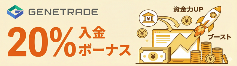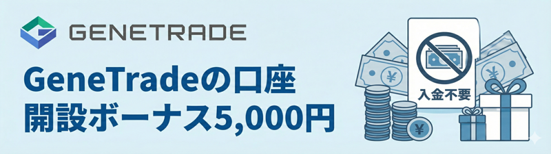 GeneTradeは口座開設ボーナスと入金ボーナスを提供しており、初めて利用するトレーダーでも少額から取引を始めやすい環境が整っています。
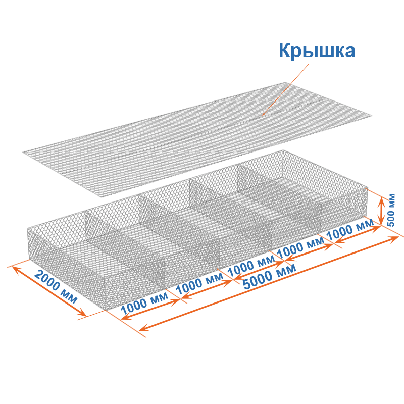 Габион матрац ГСИ-М 5х2х0,5 оцинкованный, Ø проволоки 2,4 мм, размер ячейки 6х8 см
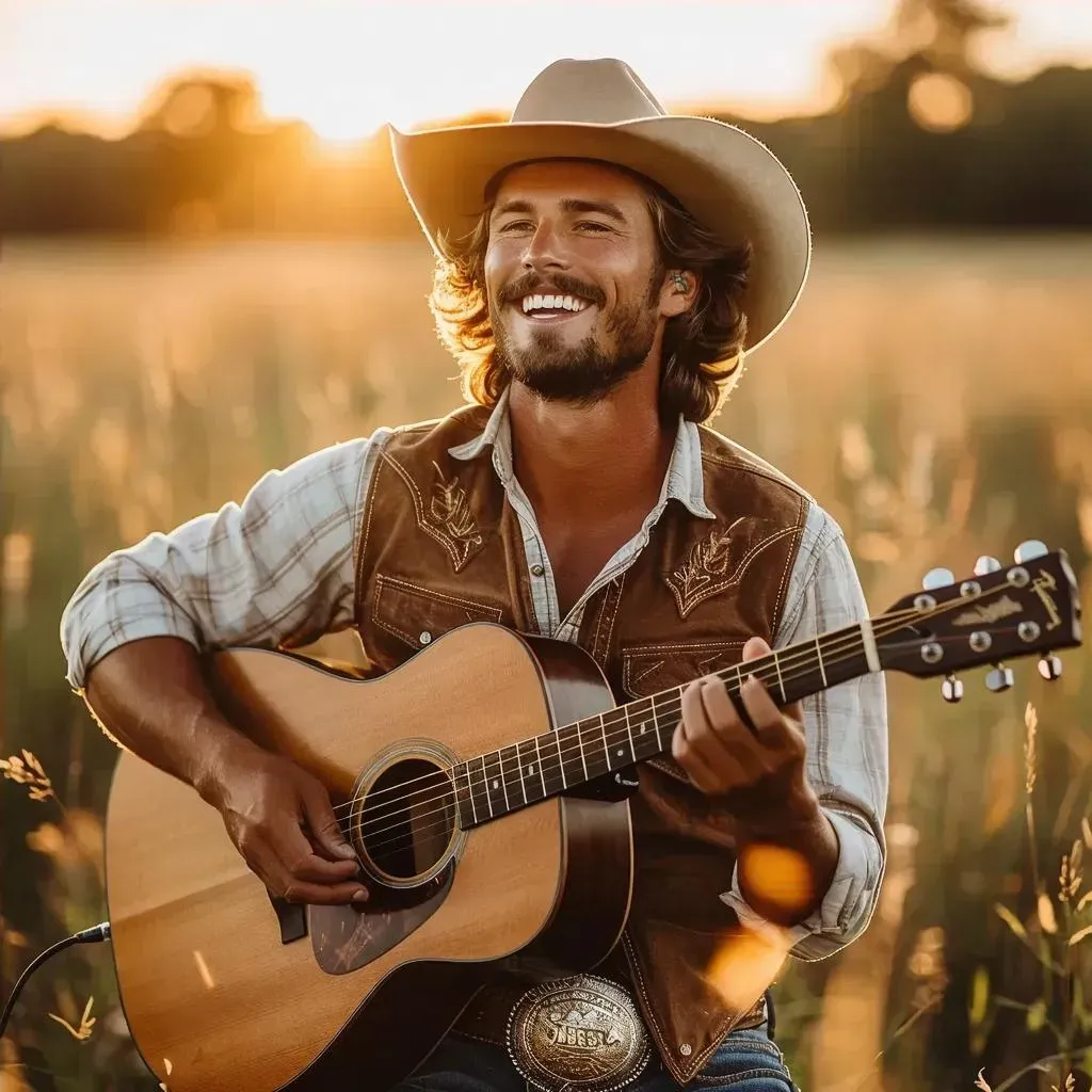 Generate a vibrant AI image of a cheerful country singer strumming an acoustic guitar in a sunlit field. Featuring a cowboy hat, detailed costume, round face, thick eyebrows, and hazel eyes, powered by Vivago.ai's advanced AI tools for high-definition, lifelike musical artistry.

···

▶ **PROBLEM TO SOLVE**
Write out the lines of the material from the one containing "Габион матрац ГСИ-М" through the last, exactly and only those. Leave every picture out.

▶ **REPLY TO THE TASK**
 Габион матрац ГСИ-М 5х2х0,5 оцинкованный, Ø проволоки 2,4 мм, размер ячейки 6х8 см
 Generate a vibrant AI image of a cheerful country singer strumming an acoustic guitar in a sunlit field. Featuring a cowboy hat, detailed costume, round face, thick eyebrows, and hazel eyes, powered by Vivago.ai's advanced AI tools for high-definition, lifelike musical artistry.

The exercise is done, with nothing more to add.